What I find worrying here is (besides the size of the request) their final target_params variable which not only includes the ID for my device and exactly what part of the application I am viewing but also a pretty accurate GPS location (disabling GPS access for all apps got rid of that) and what looks to be Facebook related FBATTRID tag to serve ads from Facebook's MoPub Marketplace.

Talk about being tracked between devices.

Conclusion

All of this activity was happening multiple times a second for all three advertising services on my device. So six times a second my device was communicating tracking information and requesting advertisements back.

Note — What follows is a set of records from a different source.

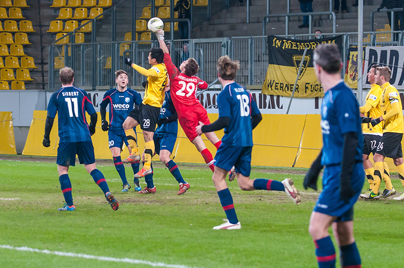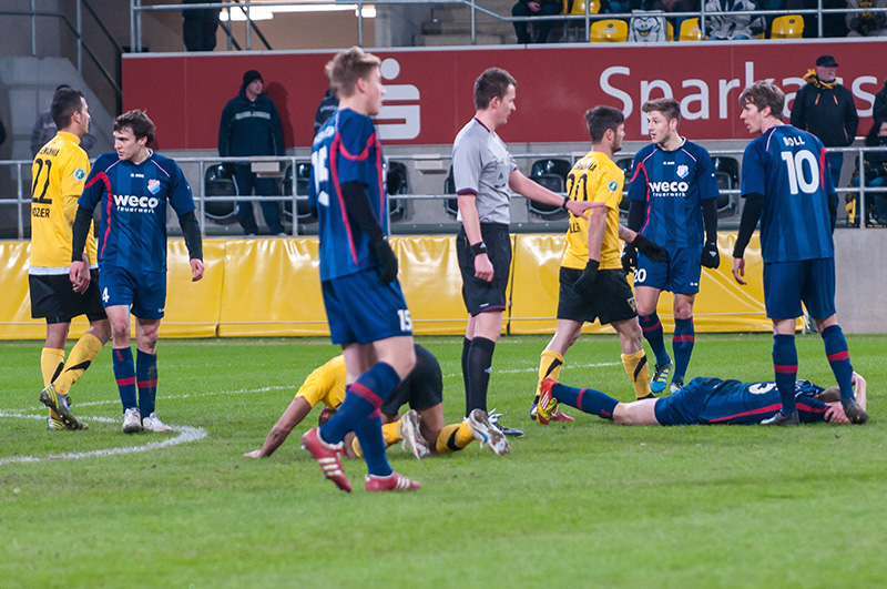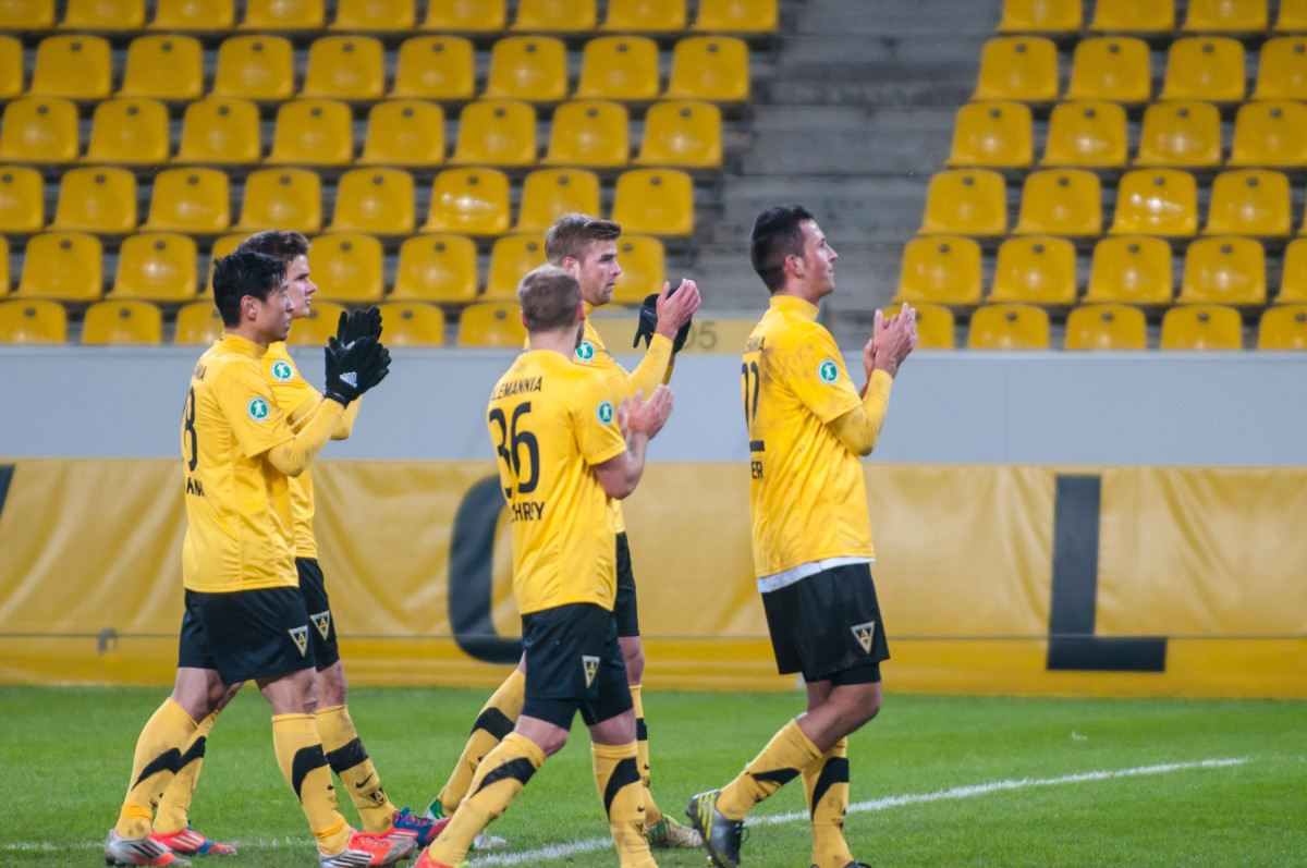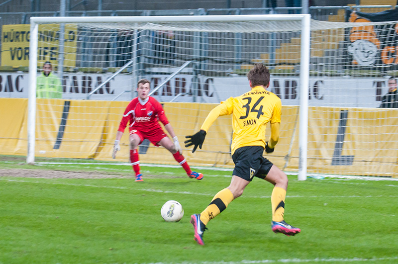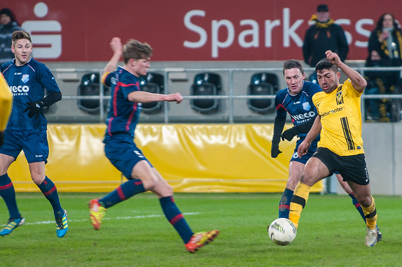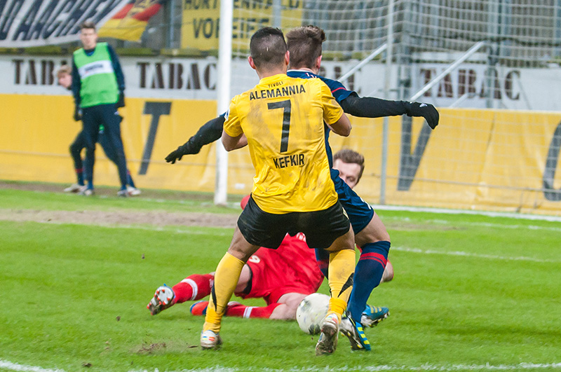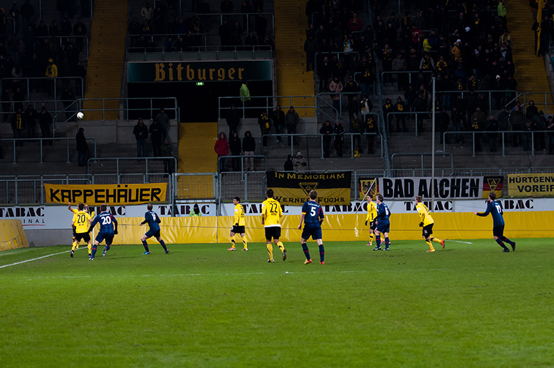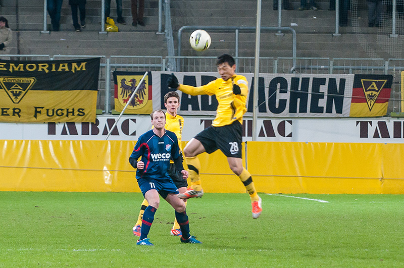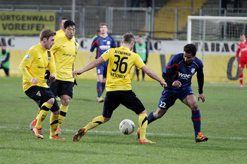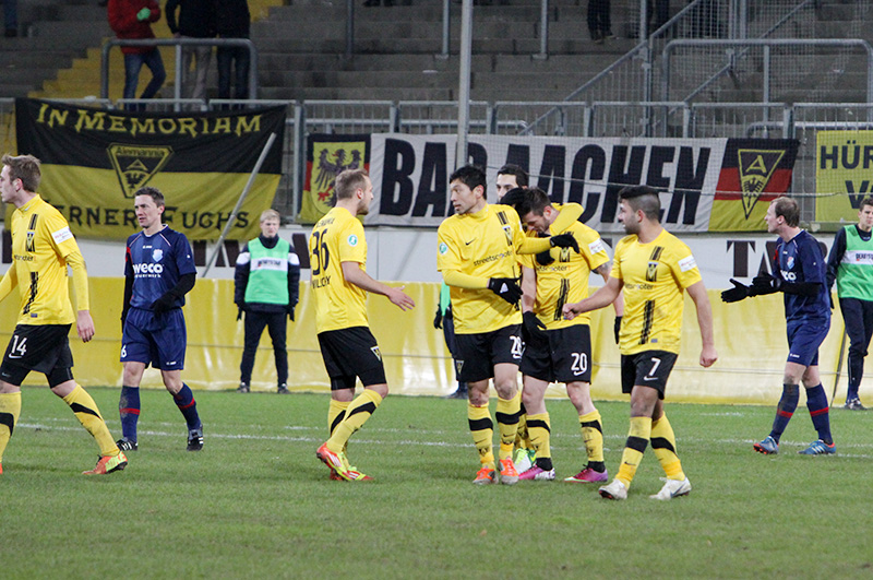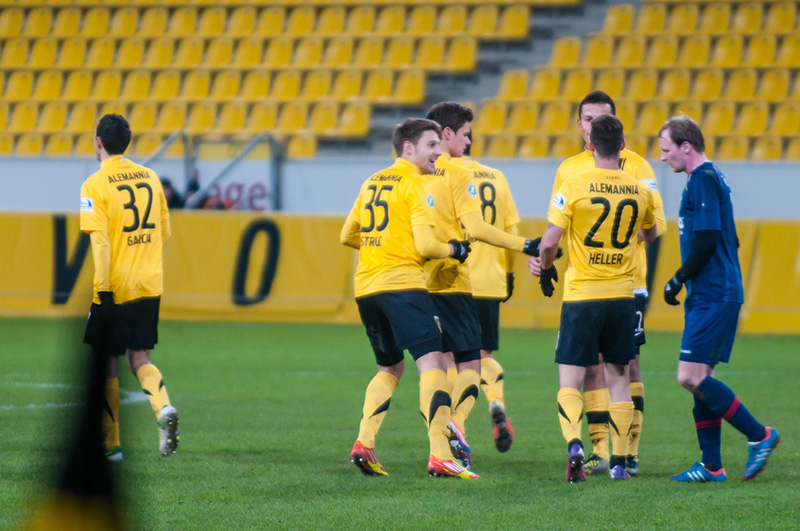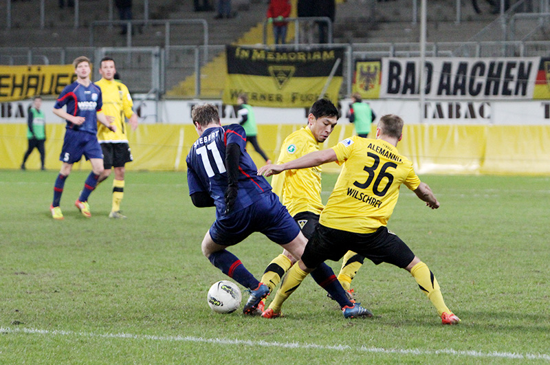 Alemannia Aachen: Flekken – Wilschrey, Erb, Herröder, Strujic – Lang (46. Garcia), Murakami – Heller, Schumacher, Kefkir (84. P. Simon) – Pozder / Trainer: René van Eck
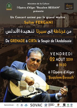 Le deuxième concert intitulé « de Grenade à Cirta, le soupir le l’Andalousie » qu’animera Salim FERGANI se tiendra le vendredi 02 Août 2019 à 19h30.
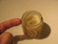 u a tak jsem vyndal ten zázrak… Skleněná dóza s plastovým víčkem už tolik nenahrává fantazii designu, ale nejsme na výstavě flakónků! Otevírám a ….. prostě svíčka. A pak se najednou zjeví aura vůně a já si říkám : „Teda hochu, jak tohle popíšeš – na to jsem fakt zvědavej…“. Mě osobně to voní krásně. Stačí zavřít oči, přivonět a už to mám – tak nějak trochu skvělé jojoby, nějaké avokádo, kapička sezamu, mihne se i grepová tresť, určitě mandle, lehounce olivový olej, trochu víc palmového a každopádně mangové máslo. ….. Jo a v návodu ještě píšou vitamín E…. Ale to jsem asi neměl prozrazovat. No prostě patlámymatlámy všeho možného a nakonec to fakt hezky voní. Sáhnul jsem dovnitř a chová se to trochu jako hodně ztuhlé sádlo z mrazáku = taje to pod prstem, ale v běžné pokojové teplotě to drží pevnou konzistenci.
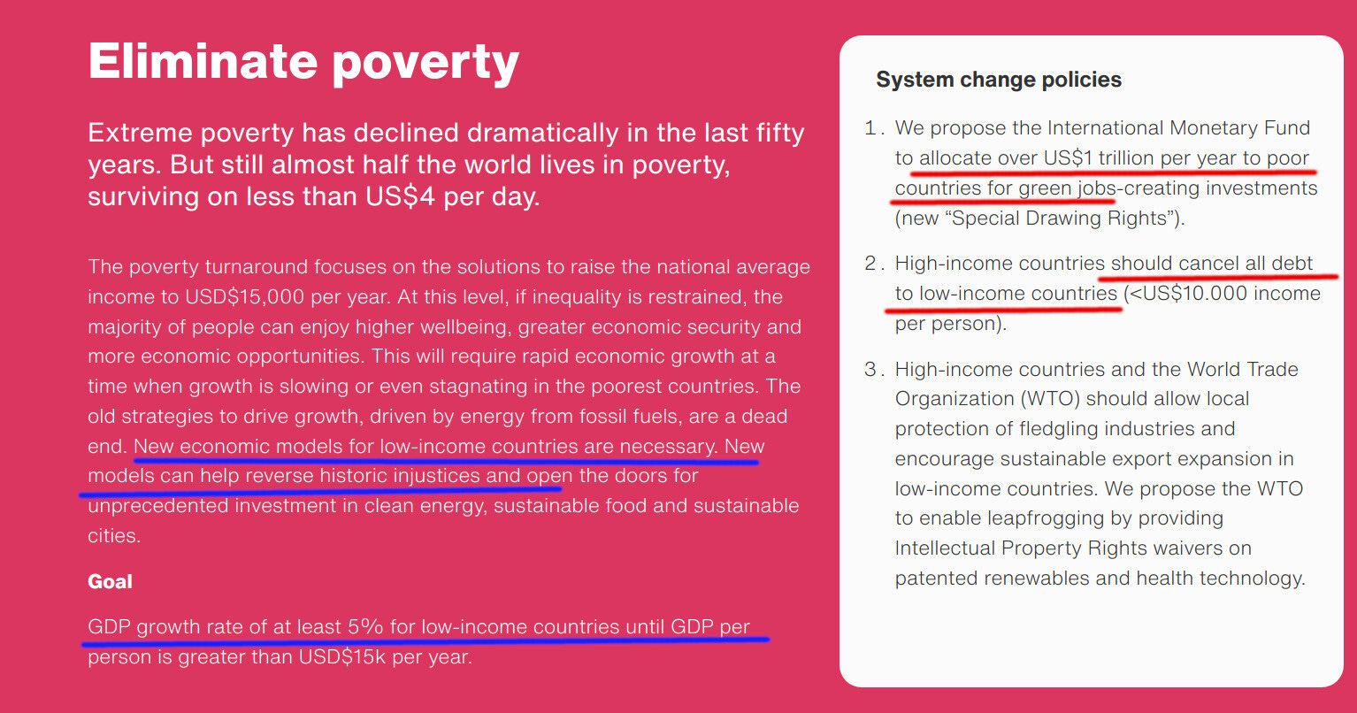 Impoverished people and smallholder farmers tend to have children to help with the family farms or as a social safety net for older age. So, the plan proposes to eliminate poverty by initiating massive economic transfers from wealthy countries to impoverished countries:
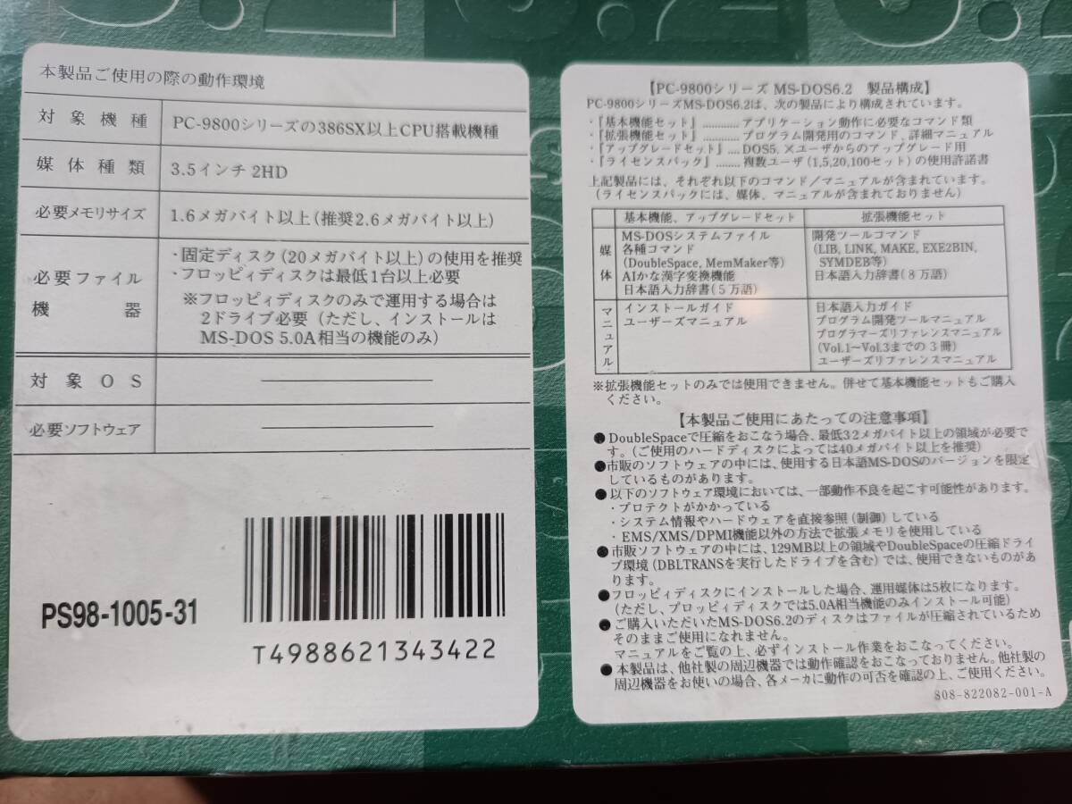 Product name: 未開封品 PC-9800シリーズ MS-DOS6.2 基本機能セット 3.5インチ版 PS98-1005-31
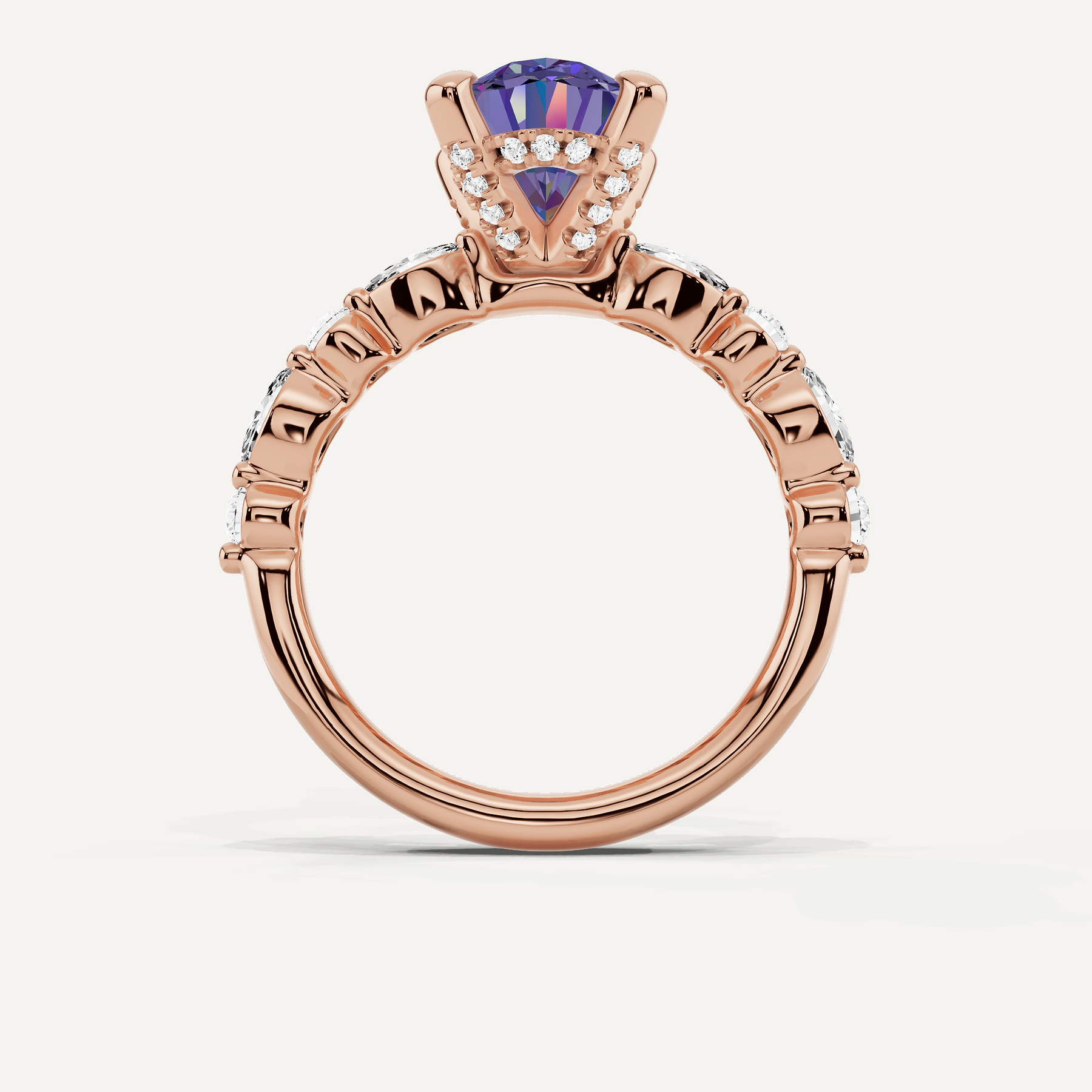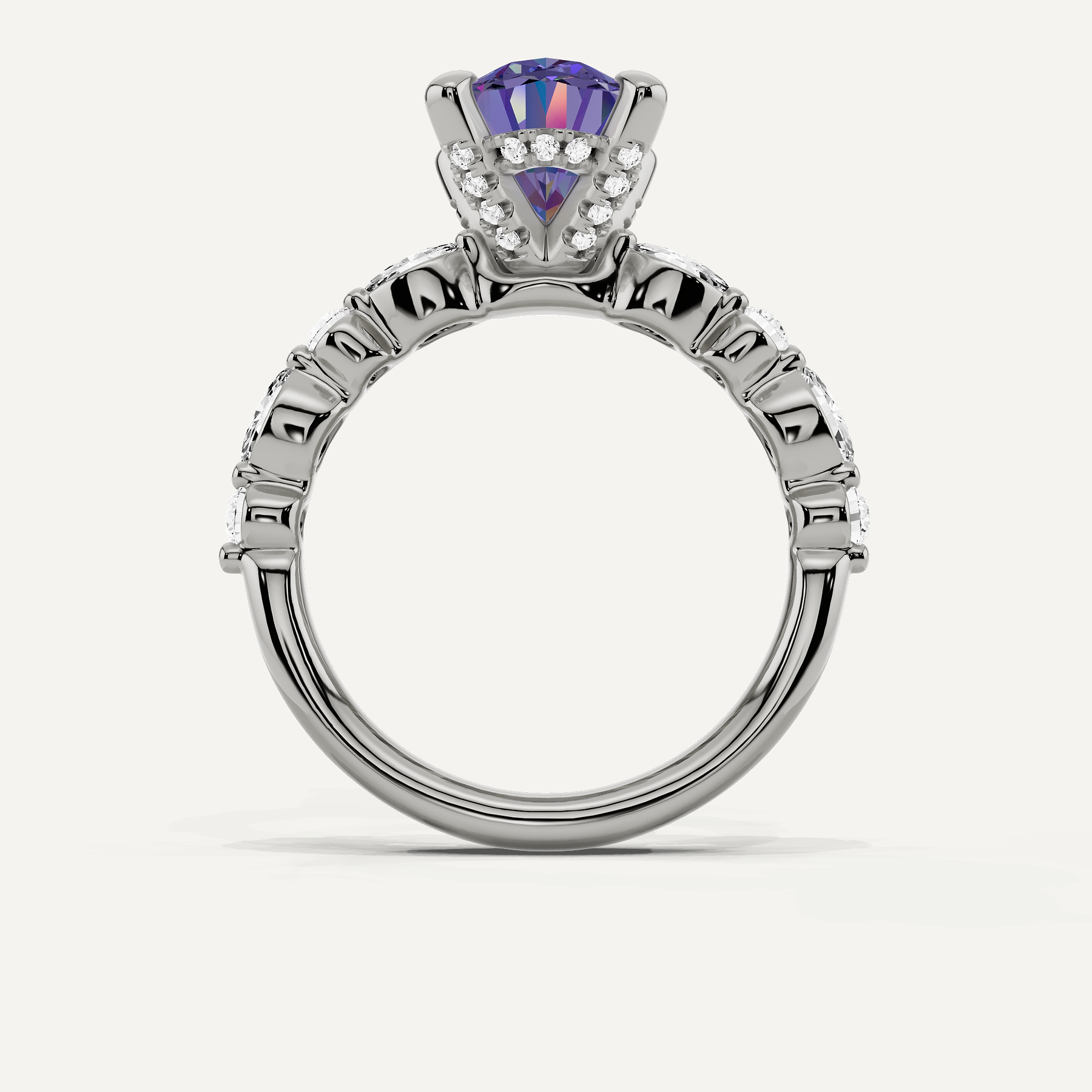 3 1/2 ctw Oval Created Alexandrite Hidden Halo Accent Engagement Ring
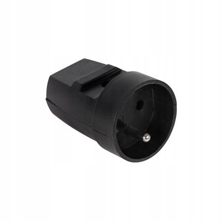 Czarne gniazdo przenośne z uziemieniem do użytku domowego i podobnego wewnątrz oraz na zewnątrz budynków. Gniazdo przeznaczone do montażu na kabel elektryczny.
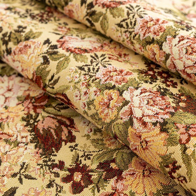 Гобелен представляет собой ткань, выполненную перекрестным плетением нитей с одномоментным созданием сюжетной или орнаментальной композиции. Это плотный материал высокую прочность и износостойкость. Гобелен используют для пошива плотных светонепроницаемых штор, декоративного домашнего текстиля и аксессуаров, в мебельном производстве для обивки мебели. Так же применяется в рукоделии: модные кошельки, сумочки, пояса и другие аксессуары и при изготовлении дизайнерской одежды. Очень летний принт - букеты из садовых и полевых цветов на спокойном фоне натурального песочного оттенка.

One of the most battery draining activities is transmitting data through the air on a mobile device. Based on these three services it seems like the industry standard is to query twice every second which to me feels overly aggressive and costly on my battery charge.

So what are we really getting for free? How much money are we spending on electricity to power our devices that is then used directly to serve us advertisements?

Perhaps I should just buy the thing, probably cheaper in the long run!